JUDGEMENT
M.M.KUMAR,J. -
(1.) THE revenue has filed the instant appeal under Section 260A of the Income-tax Act, 1961 (for brevity, 'the Act') against the order dated 31.3.2010, passed by the Chandigarh Bench 'B' of the Income Tax
Appellate Tribunal (for brevity, 'the Tribunal'). The following questions of law have been sought to be
raised:-
"1. Whether on the facts and in law, the ITAT was legally justified in deleting the disallowance of Rs 10,46,067.00 under Section 14A of the Income-tax Act, 1961, by ignoring the evidence relied on by the Assessing Officer and the judgment of High Court of Punjab and Haryana in the case of M/s Abhishek Industries Ltd., in ITA No. 110 of 2005? 2. Whether on the facts and in law, the ITAT was legally justified in deleting the disallowance of Rs 10,46,067.00 made under Section 14A of the Income-tax Act, 1961 by holding that a clear nexus has not been established when there is no such requirement to prove the nexus as per the provisions of law?"

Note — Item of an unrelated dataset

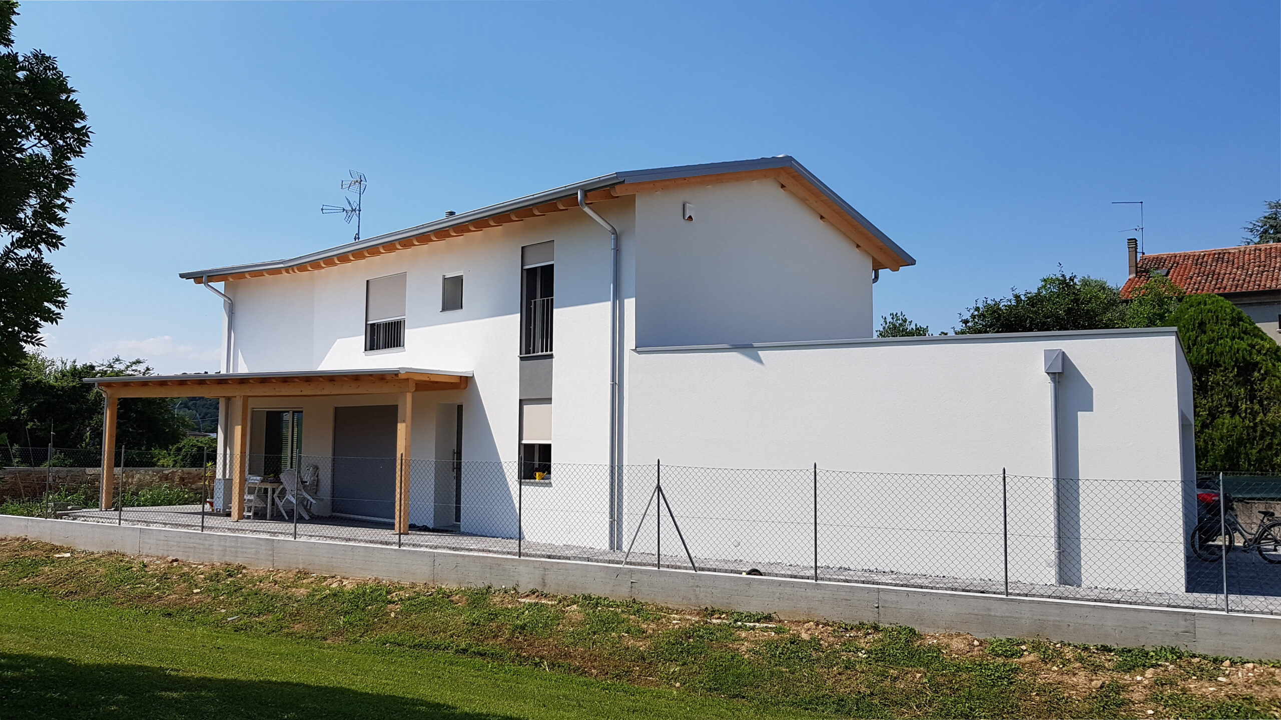 L’obiettivo del progetto era creare una residenza che si adattasse perfettamente a un lotto irregolare, trasformando le geometrie del terreno in opportunità progettuali per l’abitare contemporaneo. La villa doveva offrire un comfort elevato, sfruttando la luce naturale e la ventilazione per migliorare la qualità degli ambienti interni, pur mantenendo un’estetica semplice e armoniosa. Si mirava inoltre a realizzare una casa a bassissimo consumo energetico, capace di garantire benessere termico e ambientale durante tutto l’anno, dimostrando come l’architettura passiva possa essere flessibile e integrarsi con contesti complessi.

(2.) WE have heard learned counsel for the revenue- appellant at some length and are of the view that the matter is no longer res integra. The aforementioned questions of law have already been decided against
the revenue by the Division Bench of this Court in the case of Commissioner of Income Tax-II v. M/s Hero
Cycles Ltd. (ITA No. 331 of 2009, decided on 4.4.2009) by observing as under:-
"
4. .......Whether, in a given situation, any expenditure was incurred which was to be disallowed, is a question of fact. The contention of the revenue that directly or indirectly some expenditure is always incurred which must be disallowed under Section 14A and the impact of expenditure so incurred cannot be allowed to be set off against the business income which may nullify the mandate of Section 14A, cannot be accepted. Disallowance under Section 14A requires finding of incurring of expenditure where it is found that for earning exempted income no expenditure has been incurred, disallowance under Section 14A cannot stand. In the present case finding on this aspect, against the revenue, is not shown to be perverse. Consequently, disallowance is not permissible."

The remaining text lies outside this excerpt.